Sometimes all it takes is a bit of time between visits to a given location to realize that ALS has progressed. You get to see what you could do last time, versus what you can do this time. If the span of time is sufficient, the changes will be just enough to make you go "oh crap", but, with any luck, not enough to stop you in your tracks.
Right now I am in Victoria, at the Harbour Towers Hotel, in Room 415. This is the third, or perhaps fourth, time I have stayed in this room; once on a road trip with Mike, once on a solo visit to see Mary, Albert and the kids, once on a road trip with David, and now again on a solo visit to see Mary and family. The last time I was here was in August of last year, the 28th to be exact. David and I shared this room, and Dion crashed in with us for a night.

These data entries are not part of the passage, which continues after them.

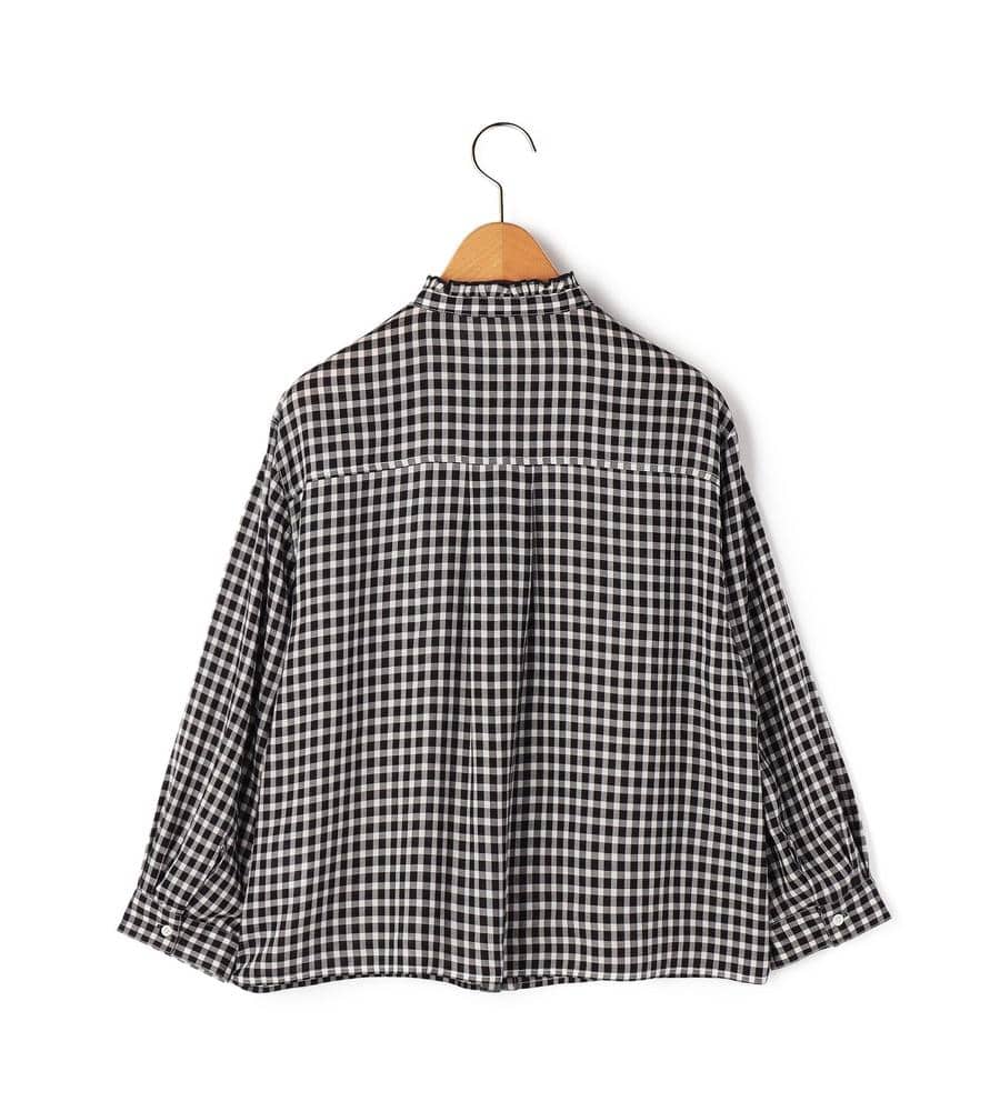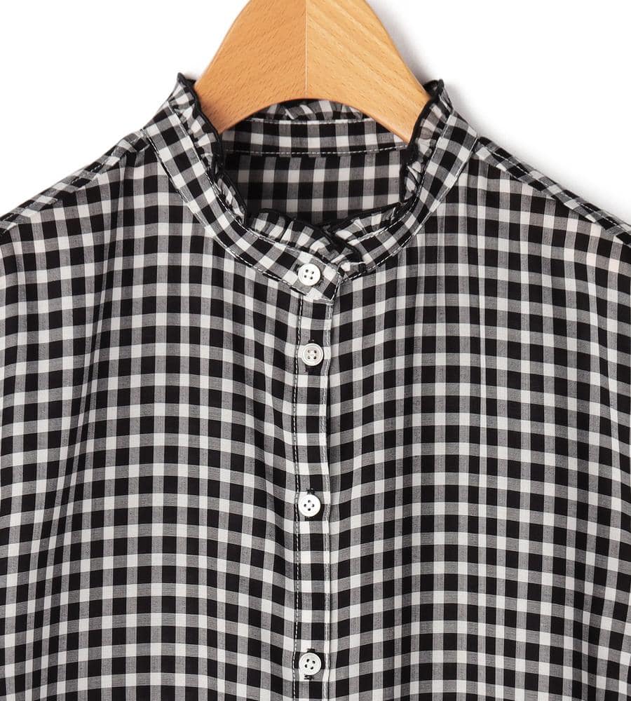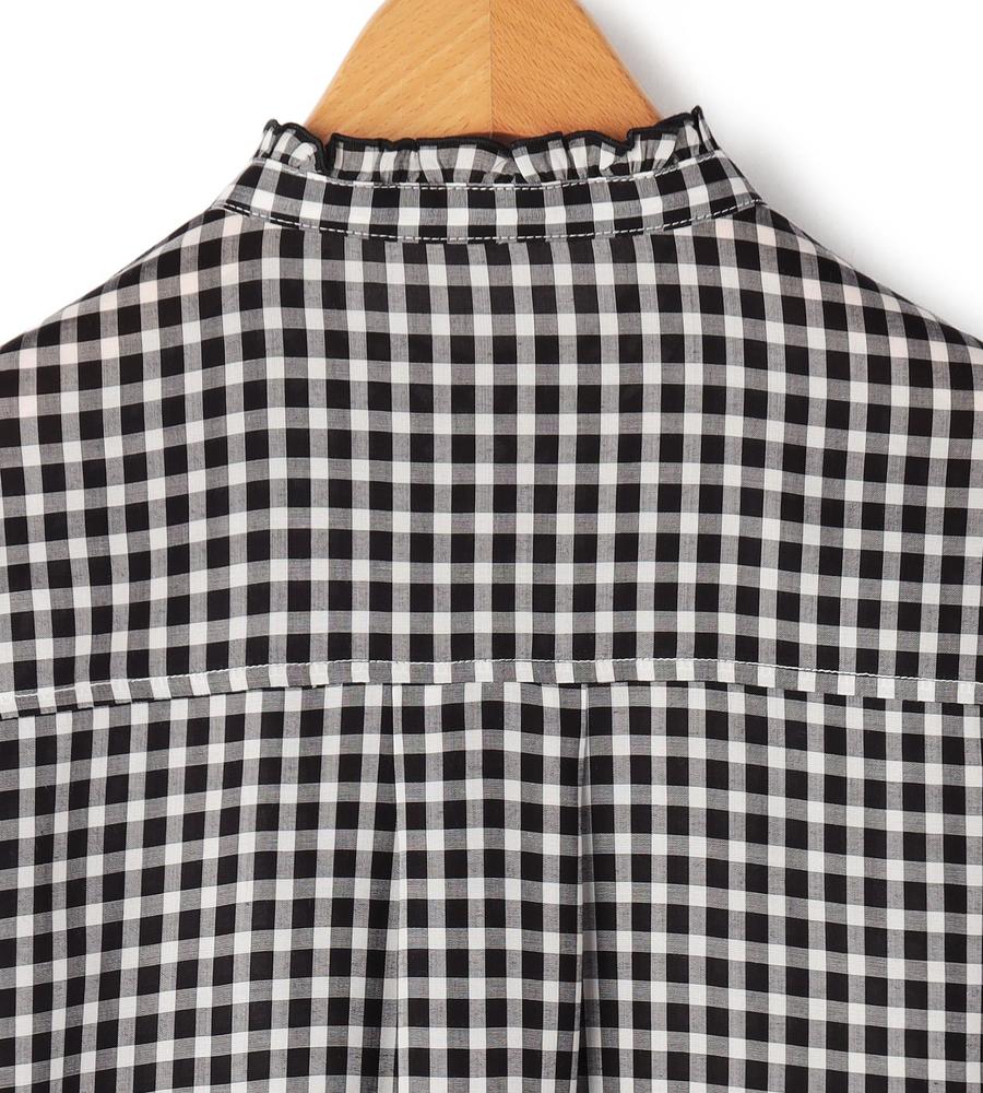 ギンガムチェック柄の7分袖スタンドカラーブラウス。襟にはフリルのあしらいがエレガントなデザインポイント。様々なボトムと着こなしやすいストレートカットの裾。スタイリングのアクセントになるおしゃれなデザインで、お出かけコーディネートにぴったり。ウォッシャブル仕様で自宅でお手入れできるのもうれしいポイントです。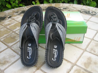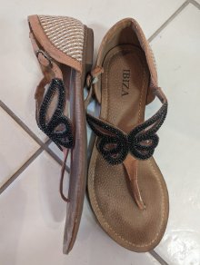 Ich trenne mich von diesen legeren Pantoletten mit schwarzen Zehensteg in Kunstlederoptik, da meine Füße dafür zu schmal sind und ich keinen guten Halt darin habe. Für normal große/breite Füße sollten sie aber optimal passen :)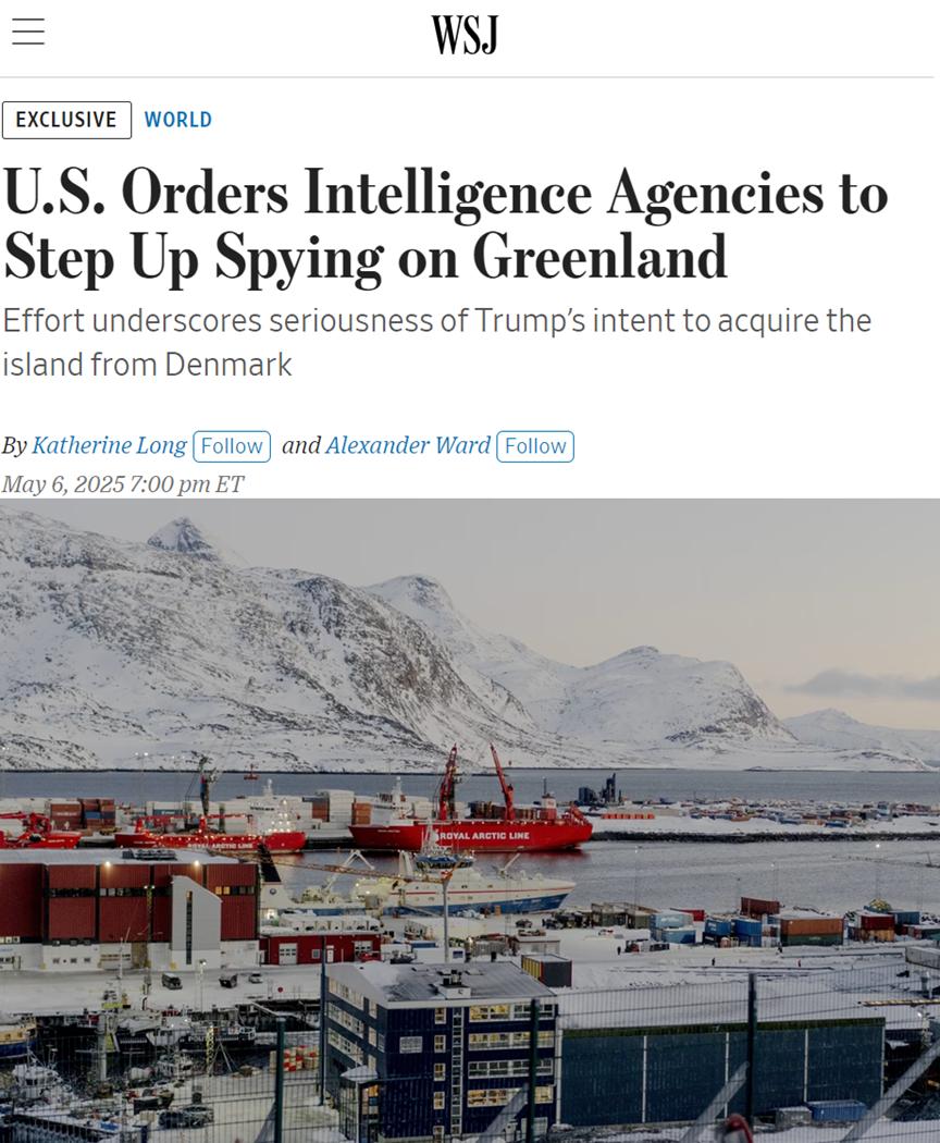 《華爾街日報》:美國加強針對格陵蘭島間諜活動 圖源:報道截圖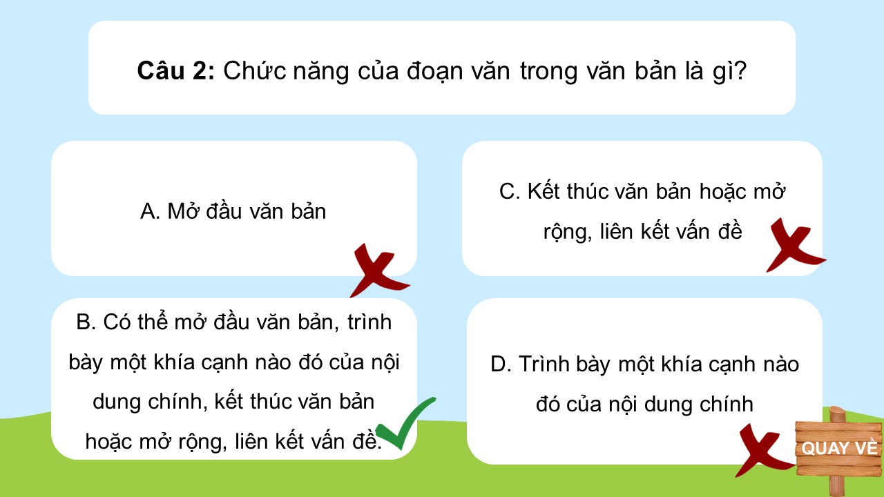 - Giải thích chức năng của đoạn văn trong văn bản.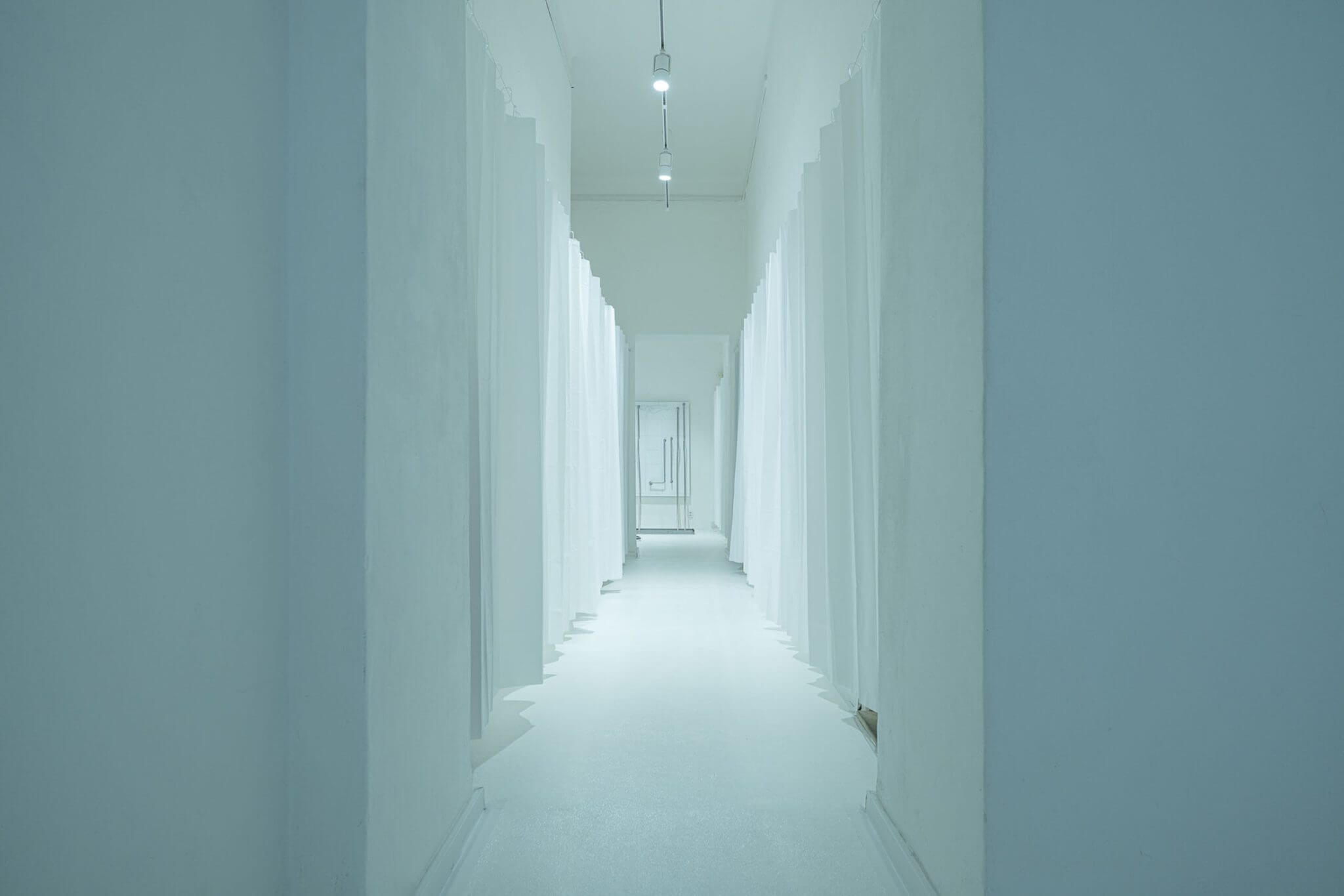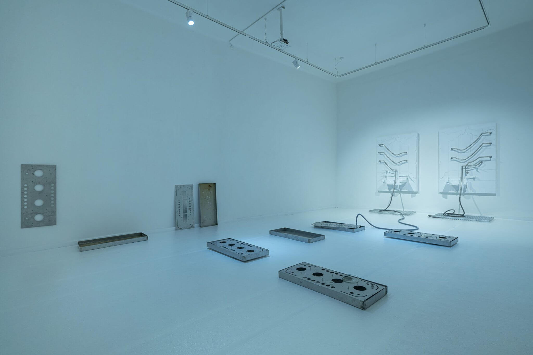 The room is cold. Not just due to the dominance of metal and milky white surfaces, but because of that altered silence that hangs only in liminal places, waiting rooms, locker rooms. Johannes Tröstler’s ambient soundscape hums imperceptibly underfoot, a continuous tremor, almost pre-human. Adam Rýznar’s exhibition design is anything but neutral: it’s clinical, surgical, surveyed. The space asserts itself as a controlled organism, and yet, contaminated. Prokhor Maserov’s graphic design isn’t seen directly, but it’s felt in the quiet typographic austerity that threads through the show like an invisible signature.

Last year I was just fine in the room. I didn't need the M-rail. The carpet on the floors was relatively easy, the shower was just fine. This year the story is a bit different. When I first got into the room, I looked at the bed and thought to myself "No problem." After all, I did it just last August. Then, when it came time to get into bed, I was faced with the sobering reality that I could not make the lift. I ended up calling one of the hotel staff to ask if he could get my M-rail. Once the rail was in place, I made it into bed, with only some slight problems.
Then there is the roll in shower. It's a small shower, about 3 foot square, with a seat, a wand, and a shower head. The control switch for the wand/shower head is up on the shower head itself. Fortunately I can still reach it. On the other hand the positioning in this small shower area along with t the transfer to the bench represented a significant challenge today. I did it; I don't want to do it again.
These changes, along with a couple of others, demonstrate clearly to me that, in spite of "looking great", my ALS is progressing. I am getting weaker. Things are becoming more difficult. That's just the way it is. I'm not angry about it. These changes are expected; ALS is a progressive disease. All I need to do is be sure I have the tools and help in order to keep going. I can do that.